Confusion Pops Up, in a Pop-Up Bookstore

Leslie Hawkins -- October 15th, 2018

It’s funny what can happen when you throw around industry jargon assuming everyone is familiar with only to find that they are not, in fact, familiar. I’ve written here before about trying to phase out my usage of the terms “middle grade” and “young adult” in store signage and handselling. These phrases tend to be heard as “middle school” and “young adult” (as opposed to 12 years old and up) by anyone not in the book business. And what’s the point of holding on to a phrase that doesn’t communicate what we intend it to?

On a related note, a funny thing happened at the neighborhood ice cream parlor last week. I’ve been running an after-school pop-up there which has, so far, been met with frequent delight and only occasional confusion. One of these occasions involved a very sweet elderly lady who came up to me as I was setting up for the afternoon. Setting up involves moving a fairly hefty sales counter — on wheels, thankfully —180 degrees so that the open side with shelves of books is on display to the room. As I was slowly spinning the purple behemoth that is Spellbound’s pop-up bookshop, this exchange happened.

Sweet Elderly Lady: I just have to ask.
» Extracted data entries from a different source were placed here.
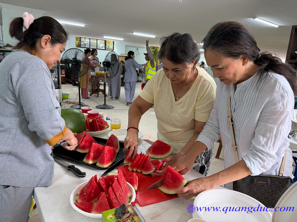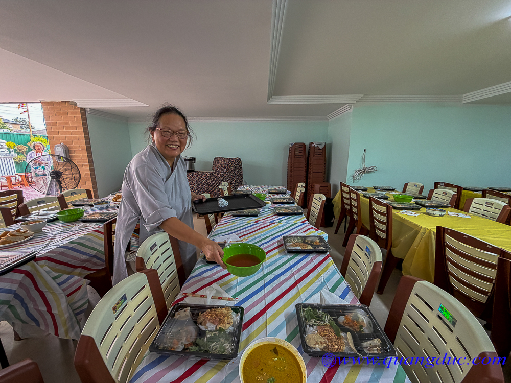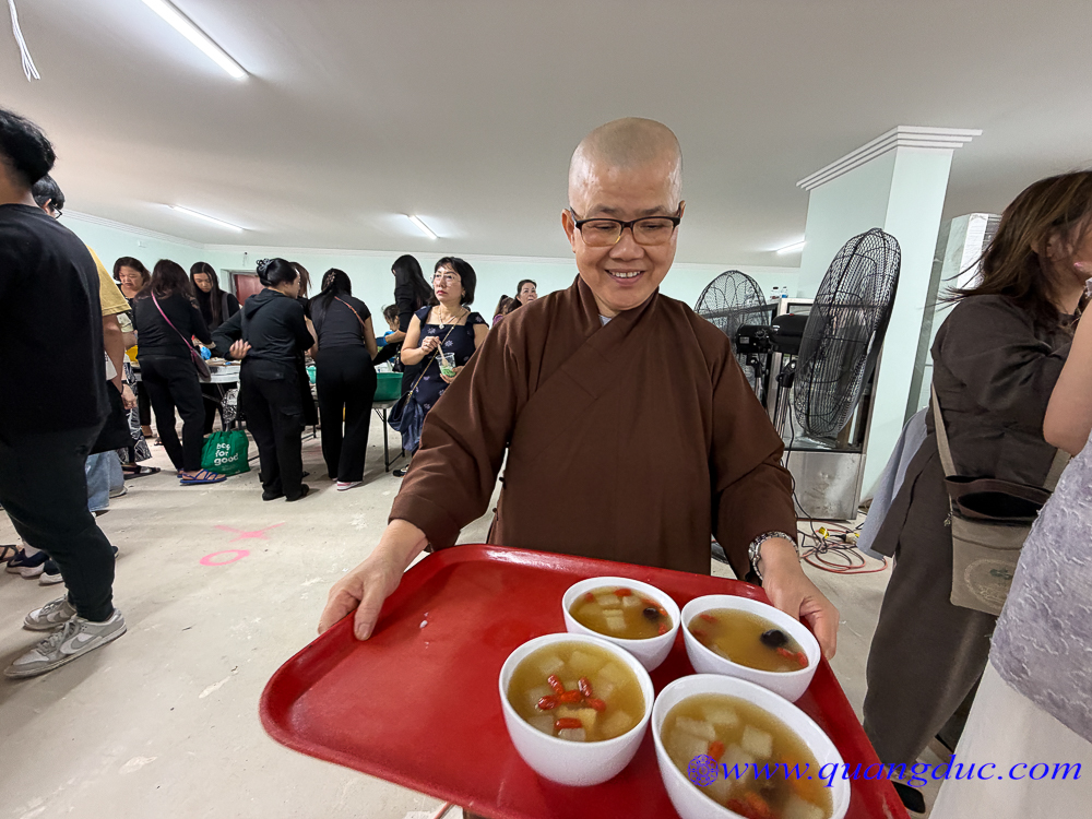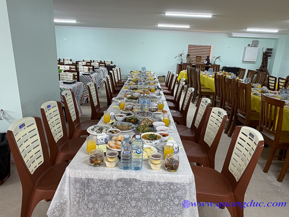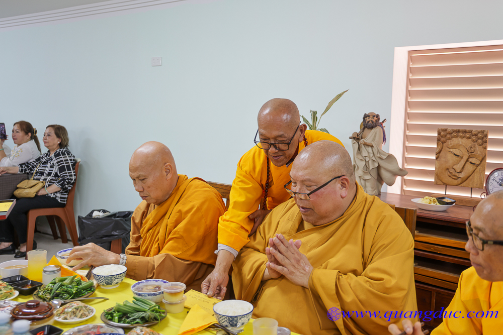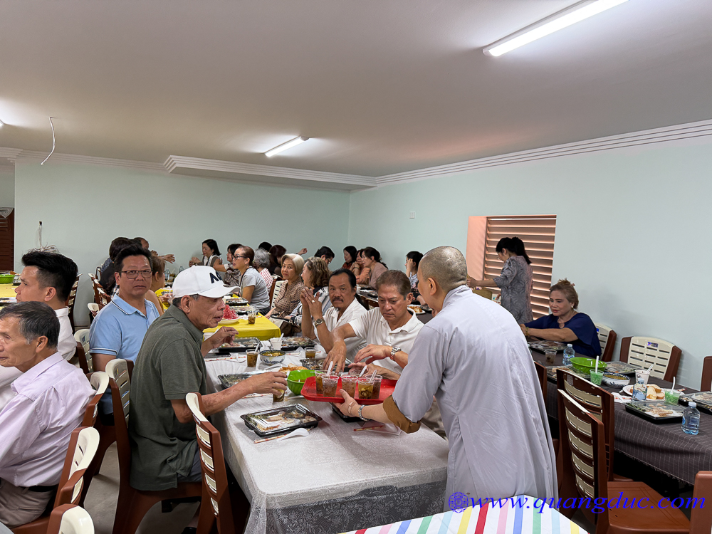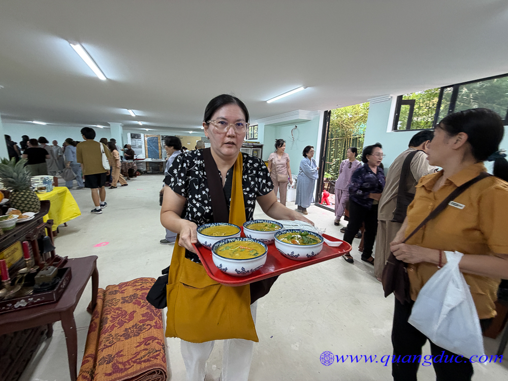 Hoàn mãn phần nghi lễ buổi sáng, Ban Tổ Chức cung thỉnh chư Tôn Đức quang lâm trai đường thọ trai, hồi hướng công đức trong niềm hoan hỷ thanh lương.
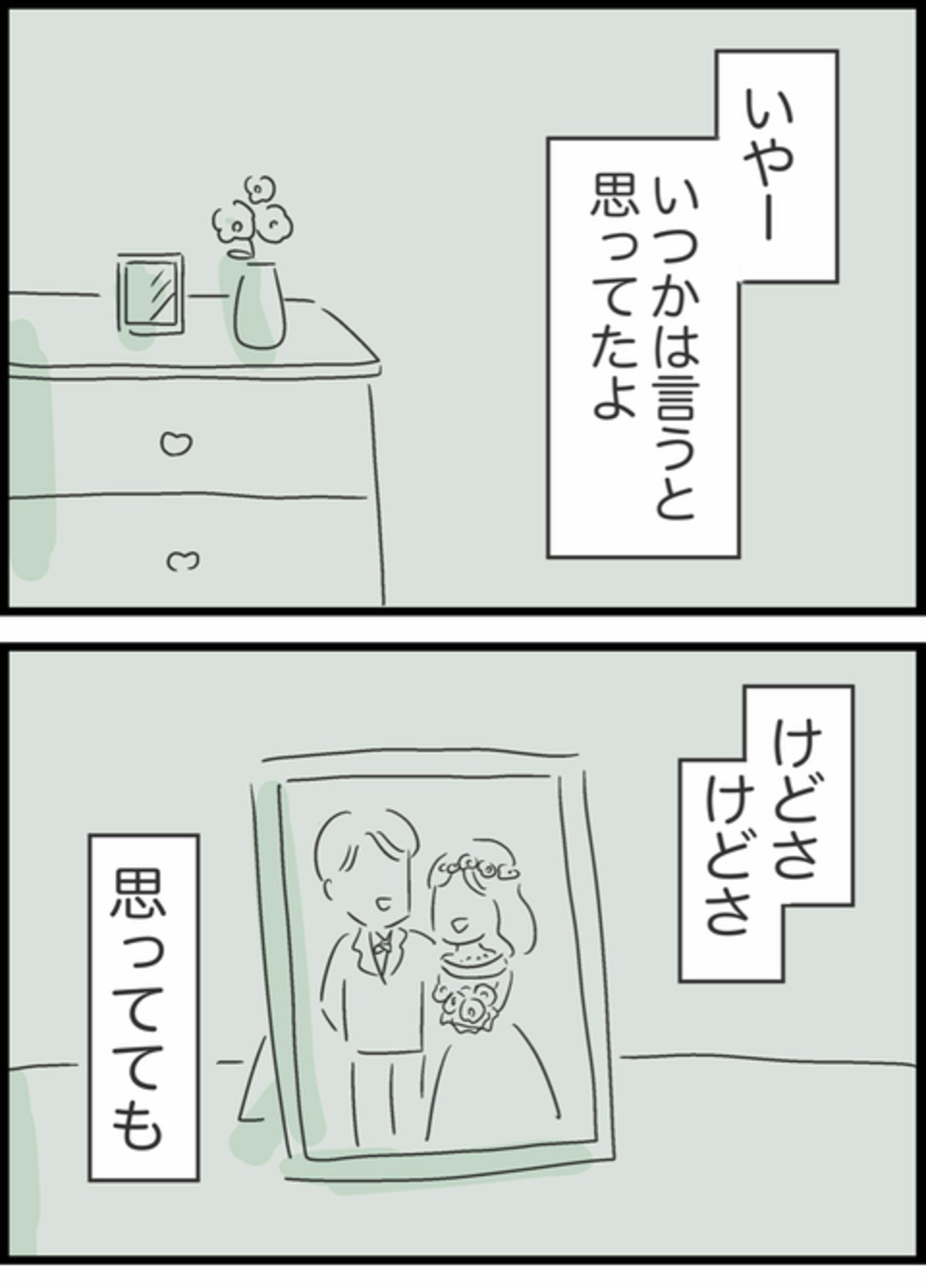 ようこの気持ちを理解しようと歩み寄るしょうた。そしてようこも、少しずつ相手を信じ直す努力を重ね、今では落ち着いた日々を取り戻しつつあります。ただ、ようこの引き出しには今も離婚届が残されています。それは、自分の気持ちに嘘をつかないための「お守り」だそうです。
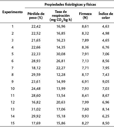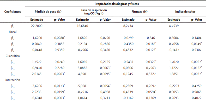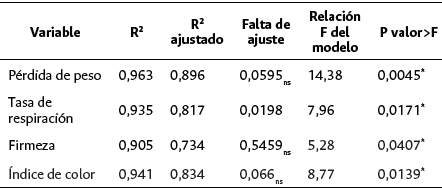 Los datos experimentales (Tabla 2) permitieron determinar coeficientes de determinación R2, R2 ajustado y el valor P (Tabla 3). Los valores R2 y R2 ajustado fueron altos, entre 0,905 y 0,941; esto mostró la relación entre el modelo y los datos experimentales. Los valores de falta de ajuste no fueron significativos excepto para la variable respuesta de tasa de respiración (p < 0,05) confirmando que el modelo describe adecuadamente la superficie cuadrática sugerida y explica los datos experimentales. Además, los p-valores inferiores a 0,05 confirman que el modelo fue significativo y permite predecir las variables estudiadas.
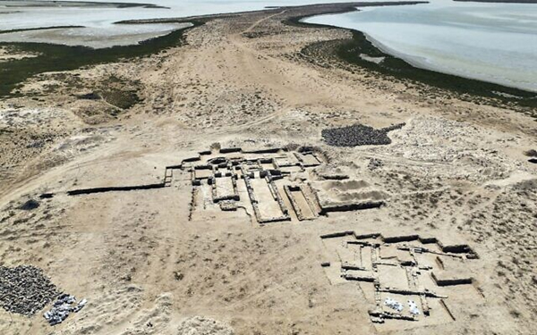 Esta fotografía del 14 de marzo de 2022 muestra un antiguo monasterio cristiano descubierto en la isla de Siniyah en Umm al-Quwain, Emiratos Árabes Unidos. (Nasser Muhsen Bin Tooq/Departamento de Arqueología y Turismo de Umm al-Quwain vía AP)
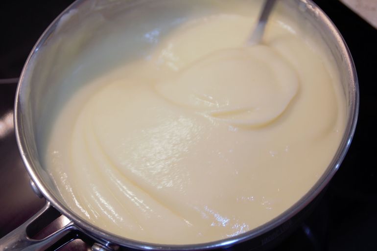 Тем временем удаляем кожицу лимона из молока, снимаем кастрюлю с огня и добавляем немного горячего молока в миску с яйцами. Все хорошо перемешиваем. Затем ставим кастрюлю с молоком на огонь и вливаем смесь с яйцами. Продолжаем варить на медленном огне минут 10 и постоянно помешивать венчиком, чтобы смесь не подгорела. Когда смесь станет густой, снимаем кастрюлю с огня.
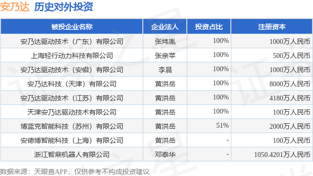 证券之星消息,根据天眼查APP显示,安乃达(603350.SH)新增一起对外投资事件,被投资公司为博蓝克智能科技(苏州)有限公司,法定代表人黄洪岳,投资占比为51%。该公司从事计算机、通信和其他电子设备制造业,注册资本为2000万人民币。目前,安乃达共存在对外投资9项,详见下表:

What is this?

Me: A pop-up bookshop!

SEL: A puppet shop?

Me: No, a pop-up book shop [gesturing at books now that they’re visible].

SEL: So you do puppet shows about the books?

Me: No, “pop-up,” not “puppet.”

SEL: Oh… so these are all pop-up books?

Me: 

Also Me: We have all kinds of books, but the shop just sort of pops up for part of the day. Or in different places, sometimes. That’s why it’s called a “pop-up.”

We finally achieved understanding, but our conversation remained firmly rooted in puppetry. This darling woman had been a drama teacher for years (long since retired) and had loved getting the kids involved in puppet shows and told me all about it. It was a lovely conversation, all in all, and now I’m strongly considering a second career as a puppeteer.

9 thoughts on “Confusion Pops Up, in a Pop-Up Bookstore

  1. Lynn

    Love the story. What a great idea. Also absolutely adore Asheville. We’d be there if we’d been able to stick out the low wages of the 1980’s. I agree with feelings about those division terms ; they never made sense to me . I even didn’t buy books for my eight year old 9th grade reading level grand-daughter because I thought “ middle grade” might have too advanced storylines . Guess I’ll look at some in that catagory now.

  2. Louise

    When I first started writing middle-grade, I was working in an elementary school that went up to fifth grade. I assumed I was writing for kids older than fifth graders. I thought I was writing for kids in middle school, sixth through eighth grade. When one day it dawned on me, middle grade books are for kids that are 8-12 years old, that’s third through sixth grade, not really middle-school at all! And I thought then as I do now, how confusing to call books for this age category middle GRADE.

    1. Leslie Hawkins Post author

      Right? The term probably made sense when it started, I’m guessing before middle school was a thing. I think (someone correct me if I’m wrong) that division became popular in the U.S. in the sixties or seventies. My older sister went to the same public school first through twelfth grade, and by the time I came along our district was broken up into elementary, middle school/junior high and high school. Does anyone know exactly when and how the term “middle grade” came about?

      It’s so easy to get stuck in doing and saying things like we always have, but eventually I decided that instead of having to continually educate customers to know what I’m talking about when I say “middle grade” it might be easier to educate myself to say something that makes more sense to them!

  3. Summer Dawn Laurie

    Thanks for the chuckle!
    Also, what terms do you use in place of “middle grade” and “YA”? Asking for a friend…
    SDL

    1. Leslie Hawkins Post author

      You are so welcome. Thanks for reading.

      Personally, I’m just replacing “YA” with “teen” whenever possible. It’s much clearer, especially when I find myself referring to books more appropriate for younger teens vs older teens, as opposed to “younger young adults” or “older young adults.”

      “Middle Grade” isn’t as easy to replace with an short word people already know. For now I’m mostly using signage that says “Ages 8-12” and considering breaking it out, as some stores do, into “8 and up” and “10 and up” or “8 and up” and “tweens.”